Deprecated in NumPy 1.20; for more details and guidance: https://numpy.org/devdocs/release/1.20.0-notes.html#deprecations
  dtype=np.float,
/repos/DataProfiler/dataprofiler/tests/profilers/test_profile_builder.py:1795: DeprecationWarning: `np.float` is a deprecated alias for the builtin `float`. To silence this warning, use `float` by itself. Doing this will not modify any behavior and is safe. If you specifically wanted the numpy scalar type, use `np.float64` here.
Deprecated in NumPy 1.20; for more details and guidance: https://numpy.org/devdocs/release/1.20.0-notes.html#deprecations

Fixing warning - reference:

/repos/DataProfiler/dataprofiler/reports/graphs.py:354: PendingDeprecationWarning: The set_tight_layout function will be deprecated in a future version. Use set_layout_engine instead.
  fig.set_tight_layout(True)

Fixing missing spaces at ends of joined strings in warnings

leos · 2022-12-18T19:01:42Z

I'm seeing this test failure in CI:

_____________________ TestRegexPostProcessor.test_process ______________________
self = <dataprofiler.tests.labelers.test_data_processing.TestRegexPostProcessor testMethod=test_process>

    def test_process(self):
    
        label_mapping = label_mapping = {"PAD": 0, "UNKNOWN": 1, "TEST1": 2}
        data = None
        results = dict(
            pred=[
                np.array([[1, 1, 0], [0, 0, 1], [0, 0, 1], [1, 1, 1]]),
                np.array([[0, 1, 0], [1, 1, 1], [1, 0, 1]]),
            ]
        )
    
        # aggregation_func = 'split'
        expected_output = dict(
            pred=[
                np.array([[0.5, 0.5, 0], [0, 0, 1], [0, 0, 1], [1 / 3, 1 / 3, 1 / 3]]),
                np.array([[0, 1, 0], [1 / 3, 1 / 3, 1 / 3], [0.5, 0, 0.5]]),
            ]
        )
        processor = RegexPostProcessor(aggregation_func="split")
        process_output = processor.process(data, results, label_mapping)
    
        self.assertIn("pred", process_output)
        for expected, output in zip(expected_output["pred"], process_output["pred"]):
            self.assertTrue(np.array_equal(expected, output))
    
        # aggregation_func = 'priority'
        priority_order = [1, 0, 2]
        expected_output = dict(pred=[np.array([1, 2, 2, 1]), np.array([1, 1, 0])])
        processor = RegexPostProcessor(
            aggregation_func="priority", priority_order=priority_order
        )
        process_output = processor.process(data, results, label_mapping)
    
        self.assertIn("pred", process_output)
        for expected, output in zip(expected_output["pred"], process_output["pred"]):
            self.assertTrue(np.array_equal(expected, output))
    
        # aggregation_func = 'random'
    
        # first random
        random_state = random.Random(0)
        expected_output = dict(pred=[np.array([0, 2, 2, 0]), np.array([1, 0, 0])])
        processor = RegexPostProcessor(
            aggregation_func="random", random_state=random_state
        )
        process_output = processor.process(data, results, label_mapping)
    
        self.assertIn("pred", process_output)
        for expected, output in zip(expected_output["pred"], process_output["pred"]):
            self.assertTrue(np.array_equal(expected, output))
    
        # second random
        random_state = random.Random(1)
        expected_output = dict(
>           pred=np.array([np.array([1, 2, 2, 1]), np.array([1, 1, 2])])
        )
E       ValueError: setting an array element with a sequence. The requested array has an inhomogeneous shape after 1 dimensions. The detected shape was (2,) + inhomogeneous part.

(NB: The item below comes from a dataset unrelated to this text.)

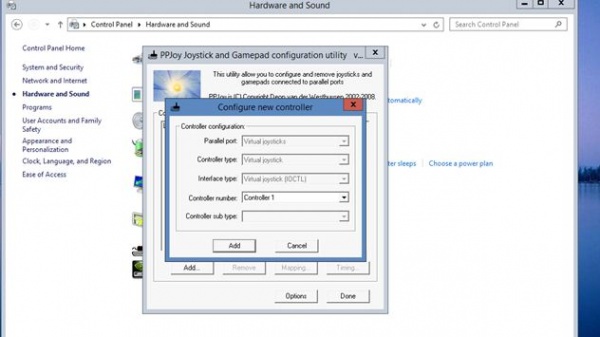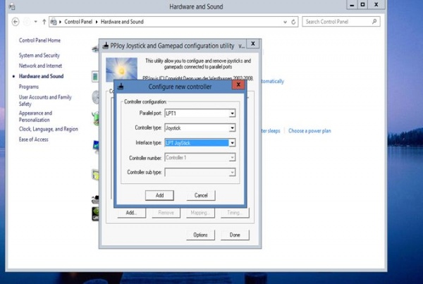 parallel port joystick এ যান তারপর create virtual joystics তারপর add a lpt parallel port joy stick

dataprofiler/tests/labelers/test_data_processing.py:2811: ValueError

This appears to also fail on main - I'm not sure how it could have worked? The shape being passed to np.array is actually not a "box"?

🐍 DataProfiler ~/repos/DataProfiler ❯❯❯ DATAPROFILER_SEED=0 python3 -m unittest dataprofiler.tests.labelers.test_data_processing.TestRegexPostProcessor.test_process

/Users/leo/repos/DataProfiler/venv/lib/python3.10/site-packages/requests/__init__.py:102: RequestsDependencyWarning: urllib3 (1.26.13) or chardet (5.1.0)/charset_normalizer (2.0.12) doesn't match a supported version!
  warnings.warn("urllib3 ({}) or chardet ({})/charset_normalizer ({}) doesn't match a supported "
E
======================================================================
ERROR: test_process (dataprofiler.tests.labelers.test_data_processing.TestRegexPostProcessor)
----------------------------------------------------------------------
Traceback (most recent call last):
  File "/Users/leo/repos/DataProfiler/dataprofiler/tests/labelers/test_data_processing.py", line 2811, in test_process
    pred=np.array([np.array([1, 2, 2, 1]), np.array([1, 1, 2])])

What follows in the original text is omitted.